Stored entries

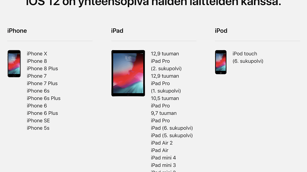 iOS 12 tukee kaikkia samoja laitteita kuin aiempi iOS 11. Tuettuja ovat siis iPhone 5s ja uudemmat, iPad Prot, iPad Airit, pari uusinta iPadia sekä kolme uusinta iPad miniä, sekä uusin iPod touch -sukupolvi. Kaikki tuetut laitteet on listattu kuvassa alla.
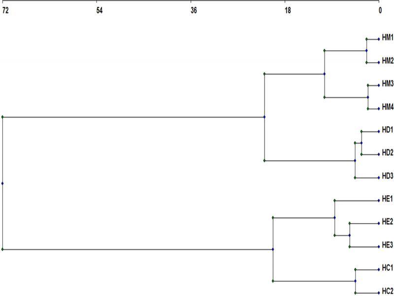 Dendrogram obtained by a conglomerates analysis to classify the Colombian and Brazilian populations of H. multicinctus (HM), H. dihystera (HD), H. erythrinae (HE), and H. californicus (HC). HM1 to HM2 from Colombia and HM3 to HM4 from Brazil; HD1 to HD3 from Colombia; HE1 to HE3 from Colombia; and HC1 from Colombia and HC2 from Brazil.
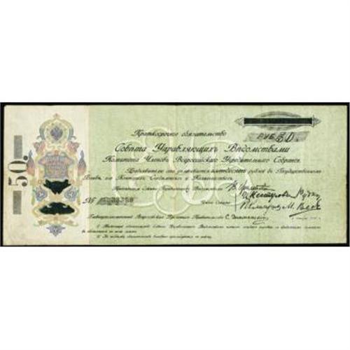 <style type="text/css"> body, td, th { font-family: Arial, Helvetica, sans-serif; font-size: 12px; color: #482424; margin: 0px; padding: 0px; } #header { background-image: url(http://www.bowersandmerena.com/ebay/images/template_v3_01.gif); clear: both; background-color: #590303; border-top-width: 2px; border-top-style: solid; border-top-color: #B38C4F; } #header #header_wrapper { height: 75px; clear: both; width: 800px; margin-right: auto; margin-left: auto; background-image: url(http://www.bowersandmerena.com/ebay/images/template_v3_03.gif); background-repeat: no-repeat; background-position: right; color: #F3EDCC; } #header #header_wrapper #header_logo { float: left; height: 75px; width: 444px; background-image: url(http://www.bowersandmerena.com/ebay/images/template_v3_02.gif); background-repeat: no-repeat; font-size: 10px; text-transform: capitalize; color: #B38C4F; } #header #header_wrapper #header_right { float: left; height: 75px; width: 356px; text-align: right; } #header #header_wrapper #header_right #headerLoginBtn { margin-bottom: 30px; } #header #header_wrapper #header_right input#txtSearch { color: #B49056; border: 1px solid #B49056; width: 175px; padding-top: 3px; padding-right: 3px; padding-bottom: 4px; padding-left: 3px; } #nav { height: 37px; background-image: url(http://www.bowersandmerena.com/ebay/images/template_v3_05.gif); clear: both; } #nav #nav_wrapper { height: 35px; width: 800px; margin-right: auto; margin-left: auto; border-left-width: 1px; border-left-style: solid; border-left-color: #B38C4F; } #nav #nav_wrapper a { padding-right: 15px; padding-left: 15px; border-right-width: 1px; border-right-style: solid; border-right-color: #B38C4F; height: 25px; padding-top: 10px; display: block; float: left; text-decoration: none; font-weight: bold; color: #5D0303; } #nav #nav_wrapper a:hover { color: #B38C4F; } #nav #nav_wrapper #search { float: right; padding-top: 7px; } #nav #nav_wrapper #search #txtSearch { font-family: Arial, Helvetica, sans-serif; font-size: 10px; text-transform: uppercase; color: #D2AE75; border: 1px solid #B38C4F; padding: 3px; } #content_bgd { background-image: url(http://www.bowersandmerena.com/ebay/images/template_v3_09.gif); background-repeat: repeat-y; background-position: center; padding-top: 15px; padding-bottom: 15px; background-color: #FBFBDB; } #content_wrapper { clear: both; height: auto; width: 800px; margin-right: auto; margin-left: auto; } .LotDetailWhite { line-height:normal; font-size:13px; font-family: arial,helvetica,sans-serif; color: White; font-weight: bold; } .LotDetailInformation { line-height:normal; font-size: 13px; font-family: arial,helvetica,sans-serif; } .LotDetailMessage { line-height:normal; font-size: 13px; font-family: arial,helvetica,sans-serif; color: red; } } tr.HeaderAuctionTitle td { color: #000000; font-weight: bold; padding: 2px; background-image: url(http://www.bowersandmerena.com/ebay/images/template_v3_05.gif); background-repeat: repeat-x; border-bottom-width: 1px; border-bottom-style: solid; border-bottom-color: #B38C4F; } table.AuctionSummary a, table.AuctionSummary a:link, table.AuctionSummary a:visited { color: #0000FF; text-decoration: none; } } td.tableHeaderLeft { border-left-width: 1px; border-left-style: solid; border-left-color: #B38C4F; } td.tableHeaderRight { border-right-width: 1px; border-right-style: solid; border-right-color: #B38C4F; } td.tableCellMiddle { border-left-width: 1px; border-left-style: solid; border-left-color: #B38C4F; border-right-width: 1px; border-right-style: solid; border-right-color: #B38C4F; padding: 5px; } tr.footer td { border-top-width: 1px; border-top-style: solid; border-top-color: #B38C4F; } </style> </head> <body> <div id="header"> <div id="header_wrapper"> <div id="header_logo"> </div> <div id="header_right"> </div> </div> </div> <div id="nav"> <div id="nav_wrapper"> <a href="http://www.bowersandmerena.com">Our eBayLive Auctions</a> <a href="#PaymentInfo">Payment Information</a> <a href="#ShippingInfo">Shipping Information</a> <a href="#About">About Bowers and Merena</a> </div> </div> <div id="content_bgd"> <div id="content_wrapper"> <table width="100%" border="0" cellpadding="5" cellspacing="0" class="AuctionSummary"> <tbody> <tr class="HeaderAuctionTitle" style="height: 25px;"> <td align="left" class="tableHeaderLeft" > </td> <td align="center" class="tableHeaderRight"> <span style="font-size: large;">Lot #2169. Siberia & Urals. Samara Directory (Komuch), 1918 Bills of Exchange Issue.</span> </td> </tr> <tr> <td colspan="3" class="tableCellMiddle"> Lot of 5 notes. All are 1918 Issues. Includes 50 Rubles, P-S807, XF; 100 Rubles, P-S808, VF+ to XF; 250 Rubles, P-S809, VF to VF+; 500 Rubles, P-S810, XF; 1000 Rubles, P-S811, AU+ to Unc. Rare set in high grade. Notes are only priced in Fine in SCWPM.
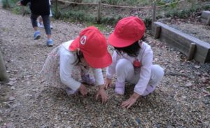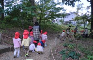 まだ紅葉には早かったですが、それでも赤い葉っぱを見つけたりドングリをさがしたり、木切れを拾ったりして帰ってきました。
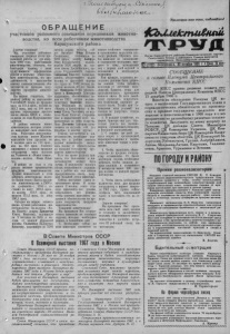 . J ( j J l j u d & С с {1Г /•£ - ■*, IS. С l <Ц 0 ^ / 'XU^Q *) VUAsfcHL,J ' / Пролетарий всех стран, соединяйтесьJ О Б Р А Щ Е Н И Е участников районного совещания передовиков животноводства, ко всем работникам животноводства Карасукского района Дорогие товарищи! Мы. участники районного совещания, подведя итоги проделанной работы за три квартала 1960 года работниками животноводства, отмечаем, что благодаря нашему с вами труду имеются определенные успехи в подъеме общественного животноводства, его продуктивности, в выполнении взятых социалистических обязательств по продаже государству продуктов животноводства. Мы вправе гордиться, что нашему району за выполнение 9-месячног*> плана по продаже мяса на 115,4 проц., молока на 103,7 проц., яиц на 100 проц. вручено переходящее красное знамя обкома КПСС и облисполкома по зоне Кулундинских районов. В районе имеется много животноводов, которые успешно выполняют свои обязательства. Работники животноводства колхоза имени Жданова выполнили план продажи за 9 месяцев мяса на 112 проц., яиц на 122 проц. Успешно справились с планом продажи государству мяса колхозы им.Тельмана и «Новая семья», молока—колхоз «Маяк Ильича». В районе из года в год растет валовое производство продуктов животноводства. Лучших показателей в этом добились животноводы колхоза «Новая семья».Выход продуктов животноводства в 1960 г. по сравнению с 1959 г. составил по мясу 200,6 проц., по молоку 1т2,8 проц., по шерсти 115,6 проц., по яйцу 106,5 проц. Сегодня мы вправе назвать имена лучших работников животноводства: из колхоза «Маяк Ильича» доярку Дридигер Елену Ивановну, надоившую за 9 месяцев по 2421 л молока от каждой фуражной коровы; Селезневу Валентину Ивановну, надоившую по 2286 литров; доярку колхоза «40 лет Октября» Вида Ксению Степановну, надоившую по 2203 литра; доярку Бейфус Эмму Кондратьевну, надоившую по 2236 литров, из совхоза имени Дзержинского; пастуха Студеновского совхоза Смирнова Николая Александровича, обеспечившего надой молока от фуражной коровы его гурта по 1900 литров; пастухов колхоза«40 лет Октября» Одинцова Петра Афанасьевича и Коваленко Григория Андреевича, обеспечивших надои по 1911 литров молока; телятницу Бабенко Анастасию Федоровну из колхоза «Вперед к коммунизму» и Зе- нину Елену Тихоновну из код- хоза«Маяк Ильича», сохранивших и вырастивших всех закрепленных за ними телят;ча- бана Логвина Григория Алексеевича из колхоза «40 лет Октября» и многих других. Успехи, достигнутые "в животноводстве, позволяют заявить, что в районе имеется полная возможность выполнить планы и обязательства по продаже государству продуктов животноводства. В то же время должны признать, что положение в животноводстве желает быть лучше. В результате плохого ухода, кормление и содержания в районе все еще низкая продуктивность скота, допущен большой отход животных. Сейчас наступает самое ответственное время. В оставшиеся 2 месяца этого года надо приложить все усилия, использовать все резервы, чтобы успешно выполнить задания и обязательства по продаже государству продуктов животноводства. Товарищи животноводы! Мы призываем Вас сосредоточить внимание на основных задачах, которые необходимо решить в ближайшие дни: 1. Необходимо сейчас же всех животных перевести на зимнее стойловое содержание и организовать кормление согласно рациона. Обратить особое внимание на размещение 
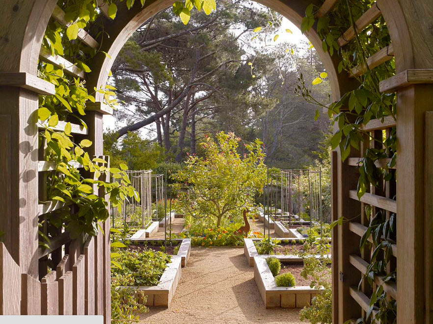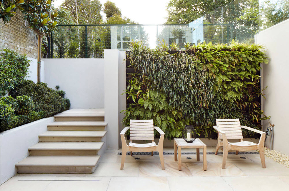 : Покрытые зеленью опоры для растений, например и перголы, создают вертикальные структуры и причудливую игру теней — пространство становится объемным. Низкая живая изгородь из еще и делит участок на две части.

* _Task directions_
Please return, exactly as written, the lines from the first line of the records above through the line containing "Dendrogram obtained by", both included, leaving out any pictures.

* _Written response_
 iOS 12 tukee kaikkia samoja laitteita kuin aiempi iOS 11. Tuettuja ovat siis iPhone 5s ja uudemmat, iPad Prot, iPad Airit, pari uusinta iPadia sekä kolme uusinta iPad miniä, sekä uusin iPod touch -sukupolvi. Kaikki tuetut laitteet on listattu kuvassa alla.
 Dendrogram obtained by a conglomerates analysis to classify the Colombian and Brazilian populations of H. multicinctus (HM), H. dihystera (HD), H. erythrinae (HE), and H. californicus (HC). HM1 to HM2 from Colombia and HM3 to HM4 from Brazil; HD1 to HD3 from Colombia; HE1 to HE3 from Colombia; and HC1 from Colombia and HC2 from Brazil.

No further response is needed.